The TrOCR model consists of an image transformer encoder and an autoregressive text transformer to perform optical character recognition in an end-to-end manner.
- Add TrOCR + VisionEncoderDecoderModel by @NielsRogge in #13874
Compatible checkpoints can be found on the Hub: https://huggingface.co/models?other=trocr
SEW & SEW-D
SEW and SEW-D (Squeezed and Efficient Wav2Vec) were proposed in Performance-Efficiency Trade-offs in Unsupervised Pre-training for Speech Recognition by Felix Wu, Kwangyoun Kim, Jing Pan, Kyu Han, Kilian Q. Weinberger, Yoav Artzi.
SEW and SEW-D models use a Wav2Vec-style feature encoder and introduce temporal downsampling to reduce the length of the transformer encoder. SEW-D additionally replaces the transformer encoder with a DeBERTa one. Both models achieve significant inference speedups without sacrificing the speech recognition quality.
Compatible checkpoints are available on the Hub: https://huggingface.co/models?other=sew and https://huggingface.co/models?other=sew-d
DistilHuBERT
DistilHuBERT was proposed in DistilHuBERT: Speech Representation Learning by Layer-wise Distillation of Hidden-unit BERT, by Heng-Jui Chang, Shu-wen Yang, Hung-yi Lee.
DistilHuBERT is a distilled version of the HuBERT model. Using only two transformer layers, the model scores competitively on the SUPERB benchmark tasks.
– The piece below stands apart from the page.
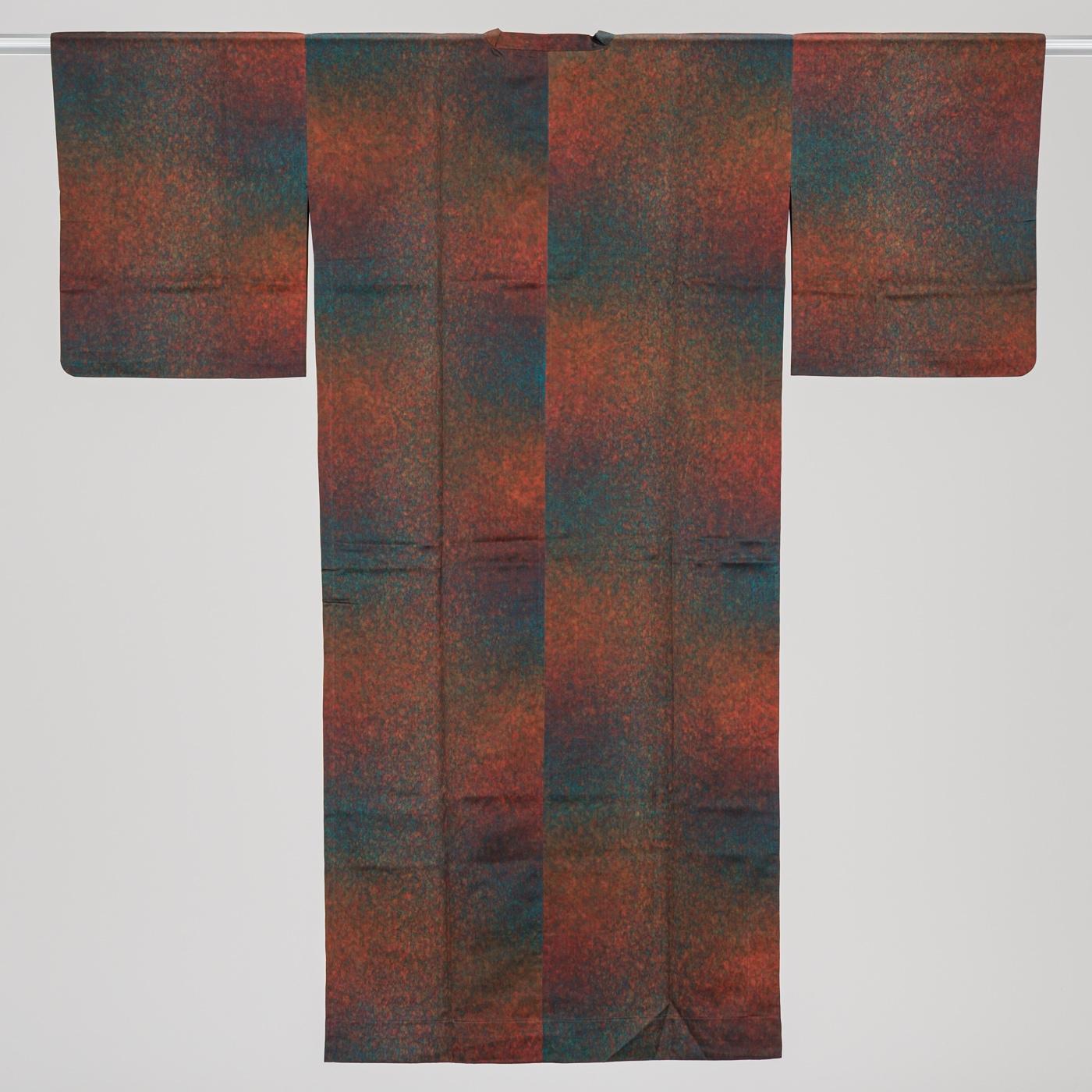 赤銅色、紺、緑などを基調とした市松模様のロングコートです。

Compatible checkpoint is available on the Hub: https://huggingface.co/ntu-spml/distilhubert
TensorFlow improvements
Several bug fixes and UX improvements for TensorFlow
Keras callback
Introduction of a Keras callback to push to the hub each epoch, or after a given number of steps:
- Keras callback to push to hub each epoch, or after N steps by @Rocketknight1 in #13773
Updates on the encoder-decoder framework
The encoder-decoder framework is now available in TensorFlow, allowing mixing and matching different encoders and decoders together into a single encoder-decoder architecture!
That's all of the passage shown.